PLEMT: A Novel Pseudolikelihood-Based EM Test for Homogeneity in Generalized Exponential Tilt Mixture Models
成果类型:
Article
署名作者:
Hong, Chuan; Ning, Yang; Wang, Shuang; Wu, Hao; Carroll, Raymond J.; Chen, Yong
署名单位:
Harvard University; Harvard T.H. Chan School of Public Health; Cornell University; Columbia University; Emory University; Rollins School Public Health; Texas A&M University System; Texas A&M University College Station; University of Pennsylvania
刊物名称:
JOURNAL OF THE AMERICAN STATISTICAL ASSOCIATION
ISSN/ISSBN:
0162-1459
DOI:
10.1080/01621459.2017.1280405
发表日期:
2017
页码:
1393-1404
关键词:
dna methylation
Empirical Likelihood
confidence-intervals
nuisance parameter
ratio test
cancer
regression
Heterogeneity
suppresses
EVOLUTION
摘要:
Motivated by analyses of DNA methylation data, we propose a semiparametric mixture model, namely, the generalized exponential tilt mixture model, to account for heterogeneity between differentially methylated and nondifferentially methylated subjects in the cancer group, and capture the differences in higher order moments (e.g., mean and variance) between subjects in cancer and normal groups. A pairwise pseudolikelihood is constructed to eliminate the unknown nuisance function. To circumvent boundary and nonidentifiability problems as in parametric mixture models, we modify the pseudolikelihood by adding a penalty function. In addition, the test with simple asymptotic distribution has computational advantages compared with permutation-based test for high-dimensional genetic or epigenetic data.

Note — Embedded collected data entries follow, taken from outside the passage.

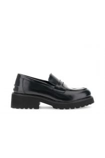 Mocassins femme en cuir brossé à semelles épaisses. Doublure et semelle intérieure en cuir pour un confort optimal. Talon de 4,5 cm. Élégance et assurance pour toutes vos tenues urbaines.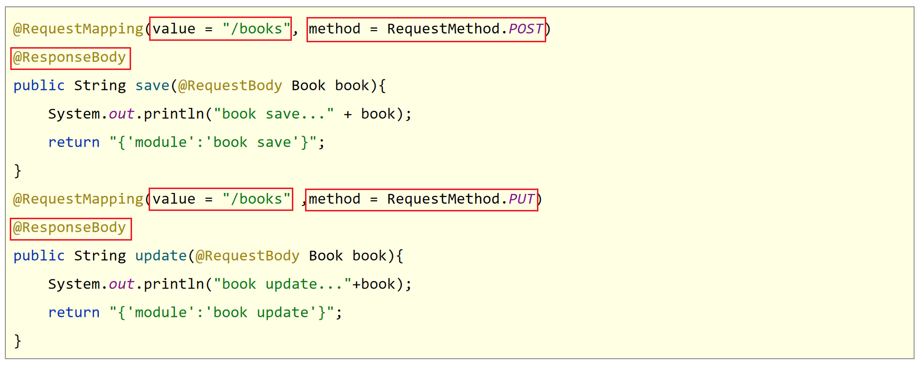 @PutMapping //使用@PutMapping简化Put请求方法对应的映射配置
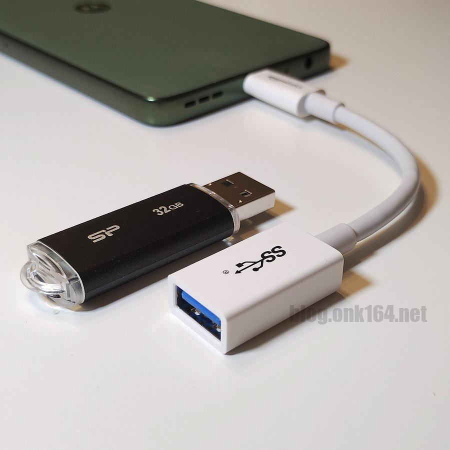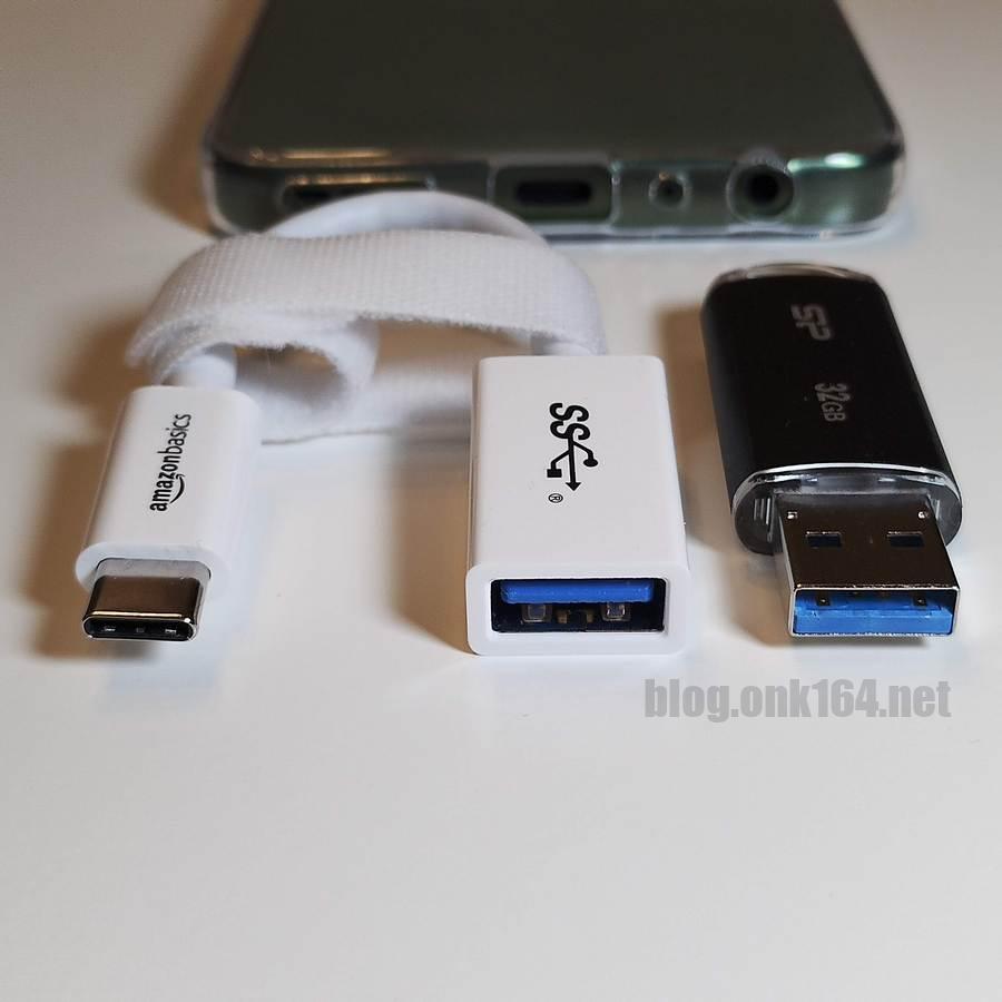 USBメモリーの端子形状がUSB-Aなので、変換アダプターを介してスマートフォンのUSB-Cポートに接続します。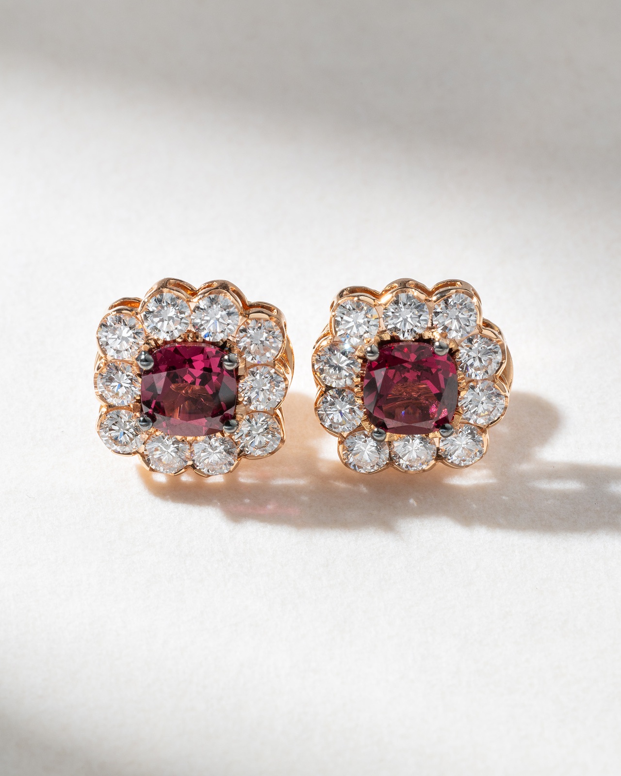 Chic and feminine, this pair of studs will give allure to all your cocktail looks. Set with stunning burgundy rodolites and gleaming diamonds they are meticulously crafted from 18K rose gold.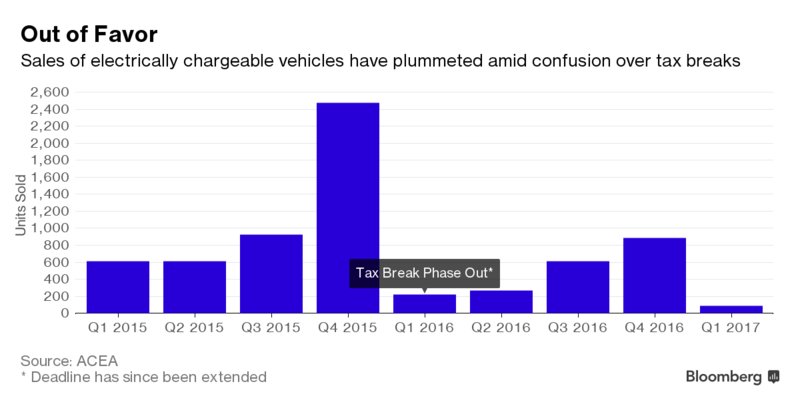 Σύμφωνα με τα αρχικά σχέδια της κυβέρνησης, οι φορολογικές ελαφρύνσεις έπρεπε να καταργηθούν σταδιακά από το 2016 έως το 2020, όταν θα αντιμετωπίζονταν με τον ίδιο τρόπο όπως τα παραδοσιακά αυτοκίνητα.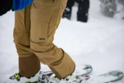 - Boot gaiters with grippy elastic seal out snow; tough scuffguard and reinforced hems provide durable protection in a placement that works for both skiers and snowboarders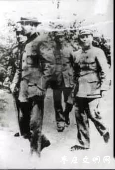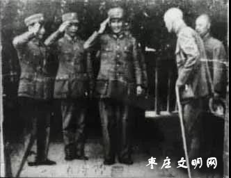 臺兒莊大戰期間,蔣介石到徐州巡視,李宗仁、白崇禧、李品仙在長官部門口迎接。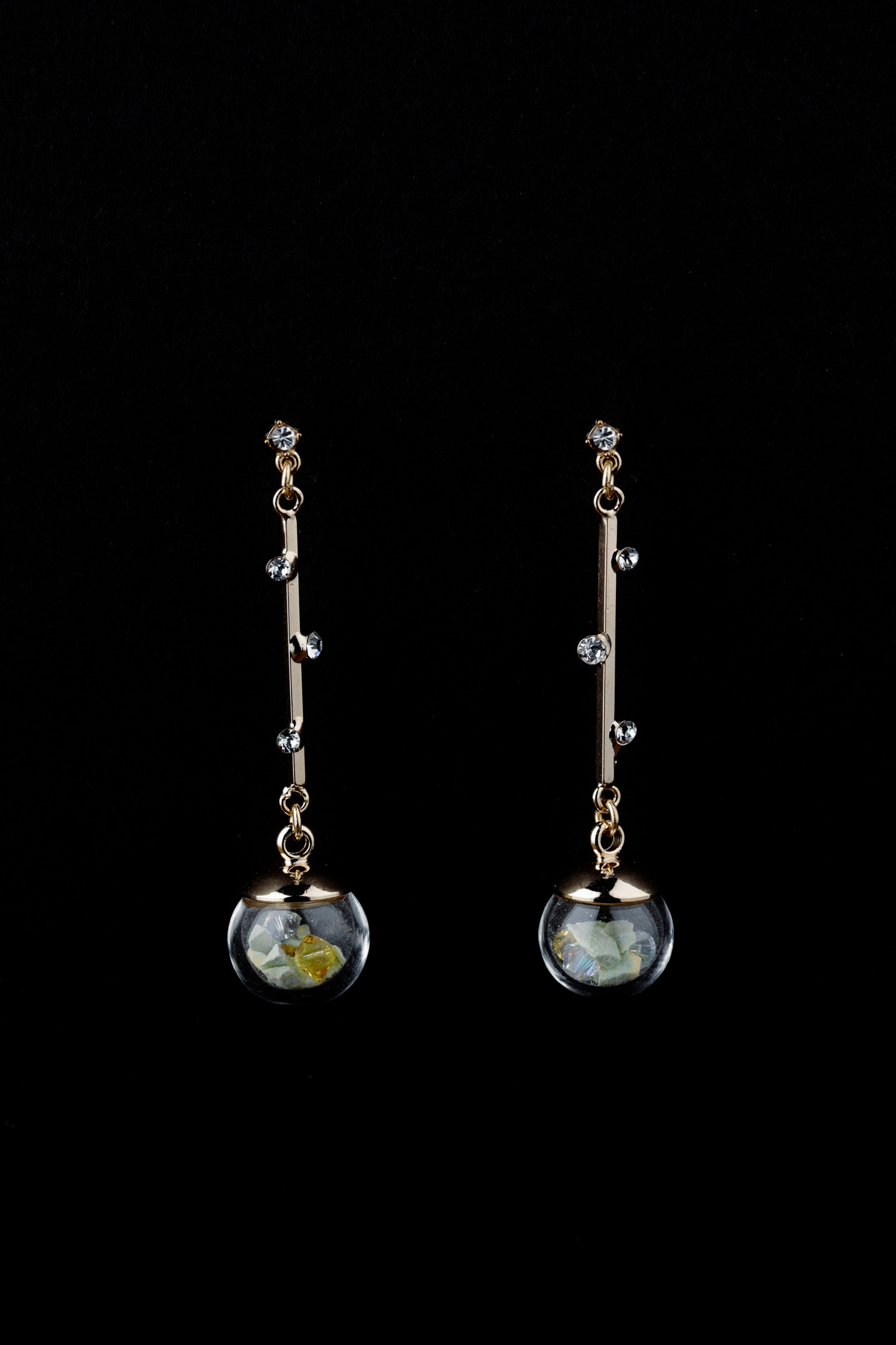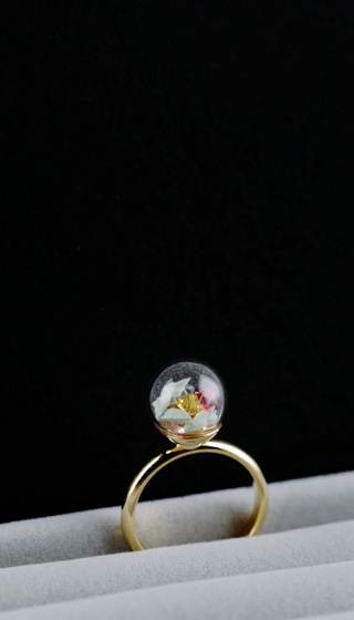 ガラスの中に陶器や鉱石のかけら-異質な出会いが産み出す魅力を閉じこめたシリーズ。小さな丸いガラスの中にある神秘的な世界を見つめてください。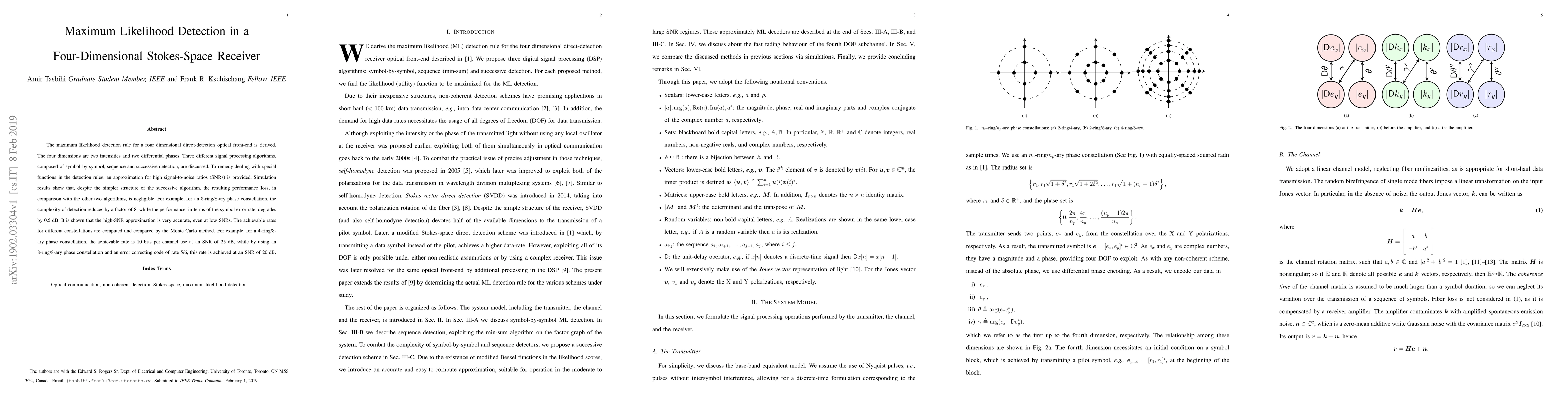 The maximum likelihood detection rule for a four-dimensional direct-detection optical front-end is derived. The four dimensions are two intensities and two differential phases. Three different signal processing algorithms, composed of symbol-by-symbol, sequence and successive detection, are discussed. To remedy dealing with special functions in the detection rules, an approximation for high signal-to-noise ratios (SNRs) is provided. Simulation results show that, despite the simpler structure of the successive algorithm, the resulting performance loss, in comparison with the other two algorithms, is negligible. For example, for an 8-ring/8-ary phase constellation, the complexity of detection reduces by a factor of 8, while the performance, in terms of the symbol error rate, degrades by 0.5 dB. It is shown that the high-SNR approximation is very accurate, even at low SNRs. The achievable rates for different constellations are computed and compared by the Monte Carlo method. For example, for a 4-ring/8-ary phase constellation, the achievable rate is 10 bits per channel use at an SNR of 25 dB, while by using an 8-ring/8-ary phase constellation and an error correcting code of rate 5/6, this rate is achieved at an SNR of 20 dB.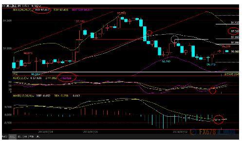 上方5日均线阻力目前在96.98附近,100日均线阻力目前在97.15附近,若意外顶破该阻力,则削弱短线看空信号。
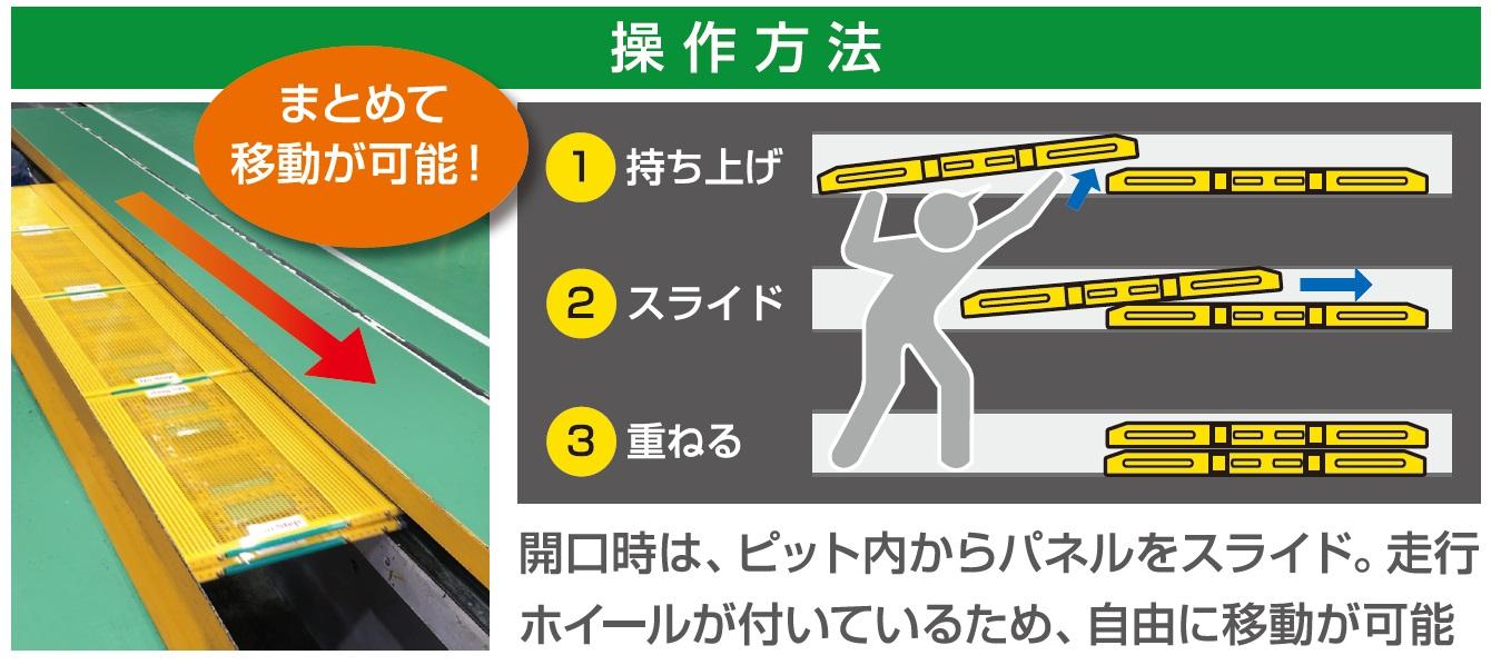 ※ パネルはピット開口長に合わせて枚数の選択が可能※ パネルは2枚重ねにすることで開口部を作るため開口長さはカバー範囲の半分となり、全開は不可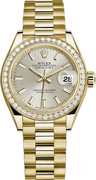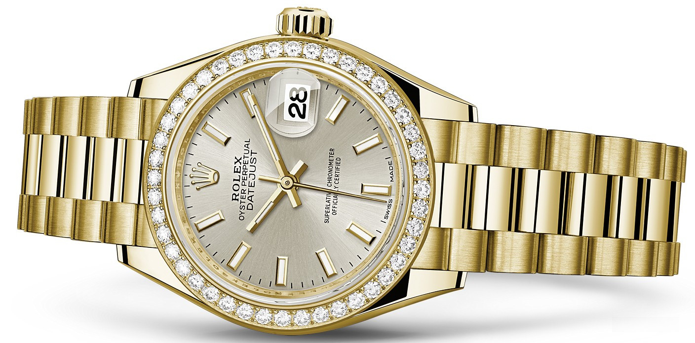 Часы Rolex Lady-Datejust изготовляются из желтого золота 18к и отличаются новым циферблатом, который подчеркивает обновленный облик модели. Серебристый циферблат отличается уникальной цветопередачей. Безель из белых бриллиантов. Новые накладки подчеркивают элегантность и женственность этой модели. Модель Lady-Datejust оснащена калибром 2236 – механизмом нового поколения с функцией автоматического подзавода, который полностью разработан и изготовлен Ролексом. Данный механизм включает в себя кремниевую спираль Syloxi, запатентованную Ролексом, которая позволяет ему достигать хронометрической сверхточности, уникальной для женской модели часов. Этот механизм отмечен сертификатом Швейцарского хронометра, который выдан Официальным швейцарским институтом хронометрии (COSC). Часы комплектуются браслетом из желтого золота 18к.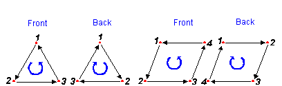 You can distinguish front and back for the computer by using a normal vector. This technique will be explained later. It is important for the computer to recognize the front from the back so that it can improve the drawing rate by not doing the drawing calculations for the back side planes.

We propose a pseudolikelihood-based expectation-maximization test, and show the proposed test follows a simple chi-squared limiting distribution. Simulation studies show that the proposed test controls Type I errors well and has better power compared to several current tests. In particular, the proposed test outperforms the commonly used tests under all simulation settings considered, especially when there are variance differences between two groups. The proposed test is applied to a real dataset to identify differentially methylated sites between ovarian cancer subjects and normal subjects. Supplementary materials for this article are available online.